«Но почему столь немногие художники умеют изображать предмет, который доступен пониманию всех? Откуда это обилие колористических манер, тогда как цвет в природе один? Причина этого в свойствах самого органа зрения. Нежный и слабый глаз не любит живых и ярких красок — и живописец отказывается запечатлеть на полотне то, что в природе ранит его восприятие. Он не любит ни огненно-красного, ни ослепительно белого. Подобно обоям, которыми он покроет стены своей комнаты, его полотна будут окрашены слабыми, нежными и мягкими тонами, он будет стремиться гармонией восполнить недостаток силы. Но почему бы и характеру, даже мимолетному настроению человека не влиять на колорит? Если мысли художника грустны, сумрачны и темны, если в его меланхолическом воображении и в мрачной мастерской неизменно царит ночь, если изгоняет он день из своего жилища, если ищет он одиночества и мрака, разве не вправе мы ожидать от него сцены, быть может, и сильной, но темной, тусклой и сумрачной?
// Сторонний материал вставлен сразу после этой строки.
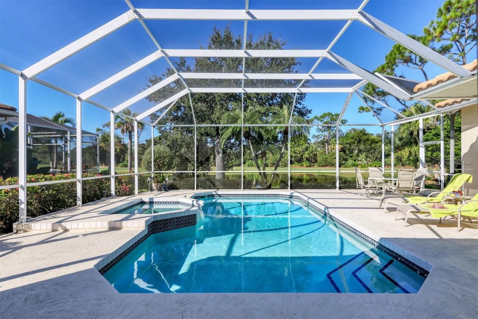 Welcome to a home that perfectly blends comfort, style, and Florida living. This beautifully maintained 2,794 sq. ft. residence offers 4 bedrooms, 3 baths, a den, and generous gathering spaces designed for both relaxation and entertaining. From the moment you step through the double etched-glass doors, you’re greeted by captivating views of the pond and golf course — setting the tone for everything this home has to offer. The foyer is framed by the formal dining area, cozy living room, and a versatile den — ideal for a home office or quiet retreat. The open-concept design connects the spacious kitchen and great room, creating a natural flow for everyday living and entertaining. The kitchen itself is extra large and thoughtfully designed, offering plenty of prep and storage space for the home chef. Step through sliding glass doors to the expansive lanai — the true heart of this home. Here, a sparkling pool and spa overlook tranquil water and golf course views. With both covered and open-air seating areas, this space invites you to enjoy everything from morning coffee to sunset cocktails in total privacy. The primary suite is a serene retreat featuring two large closets and a spa-inspired ensuite bath with dual vanities, a soaking tub, and a walk-in shower. Both vanities have been tastefully updated with quartz countertops, rectangular sinks, and brushed gold fixtures. The split floorplan provides privacy for family and guests, with three additional bedrooms and two full baths. For peace of mind, the home is equipped with high-impact windows, accordion-style hurricane shutters, and a new tile roof installed in 2018. The interior has been freshly painted in a soft, neutral palette, creating a bright and inviting atmosphere throughout. Whether you’re hosting friends, enjoying quiet evenings by the pool, or simply soaking in the views, this home offers the best of Florida’s indoor-outdoor lifestyle — your very own private oasis. As a bonus the seller has paid the golf assessment in full, saving you $812 per year for the next 9 years.

Если художник страдает разлитием желчи и видит все в желтом свете, как ему удержаться и не набросить на свою картину то желтое покрывало, какое набрасывает его больной орган на все видимое, пусть даже он огорчится, сравнивая зеленое дерево, явившееся ему в воображении, с деревом желтым, — тем, что видят его глаза?»[88]
Поколение 98 года увидело цвет там, где его не видели ранее. Как и резкий испанский контраст света и тени. Да, есть свой цвет у Эль Греко и свой — у Риберы. Я еще напишу несколько страниц, которые озаглавлю: «Одежда на веревке в Толедо». Когда в музее Прадо переходишь от Риберы в один из тех двух залов, что сейчас занимает Эль Греко, то впечатление — тем более сильное при моей близорукости — таково, будто перед глазами замелькало пестроцветье развешанных сушиться одежд. Вот она, живопись Эль Греко: яркие шелковые платья, верхние и нижние юбки, простыни и покрывала, вывешенные рядами на дворах и галереях, на балконах и пустырях. Ткань, трепещущая на ветру, залитая солнечным светом или оттененная свинцово-серым небом. Все переливы красного, белого, голубого, желтого, зеленого, водоворот цветов… Зато у Риберы есть свет и тень. Майянс пишет о Рибере в своем «Искусстве живописи» (1774 г.): «Он подбирал сюжеты, позволявшие ему сосредоточить все внимание на рельефности фигуры, как бы выступавшей из ночного мрака». В моих бумагах хранятся заметки 1898 года о беседах с Лоренсо Касановой. Касанова — художник из Аликанте, учившийся в Италии, а позже возглавивший одну не слишком известную школу живописи. Вот что он рассказывал: «Рибера ставил натурщиков в полутемной комнате так, чтобы на них падала лишь струйка света. Сам он садился в соседнем помещении и писал, поглядывая на модель в щелку». Все приведенные выше цитаты вполне применимы к той литературе, которую создавало славное поколение 98-го.
ЛУНА В ТОЛЕДО
Как-то в декабре 1900 года мы поехали на два-три дня в Толедо, где остановились на постоялом дворе — старом и не без претензий. Я говорю «не без претензий» потому, что ныне редко где увидишь на постоялом дворе большой круглый стол, непременную принадлежность старинных придорожных трактиров, — так вот, здесь круглый стол был. Покрытый, сами понимаете, клеенкой.
За этот-то стол и сели мы обедать в компании возчиков, барышников и землепашцев.
— А вы, часом, не из Мадрида, дружище? — спросил меня сидевший рядом человек.
— А вы, наверное, будете из Ильескаса, Сонсеки или Эскалоны?
— Из Сонсеки, сеньор, к вашим услугам.
Из «дружища» я вдруг стал «сеньором». «Дружище» было проще и сердечней. Так называют в Кастилии любого встречного. Дружище, друг, товарищ… На проселочных дорогах Ламанчи едет тебе навстречу какой-нибудь крестьянин, завернувшись, если дело зимой, в свой бурый шерстяной плащ, и обязательно приветствует тебя: «Бог в помощь, товарищ!» Все собравшиеся в толедской гостинице — крестьяне, торговцы, рассыльные и мы вместе с ними — были товарищами. Чистоте языка этих людей, пришедших сюда с полей и деревенских улочек, чистоте их испанского языка мог бы позавидовать любой пурист… если только у пуристов и в самом деле есть чувство родного языка.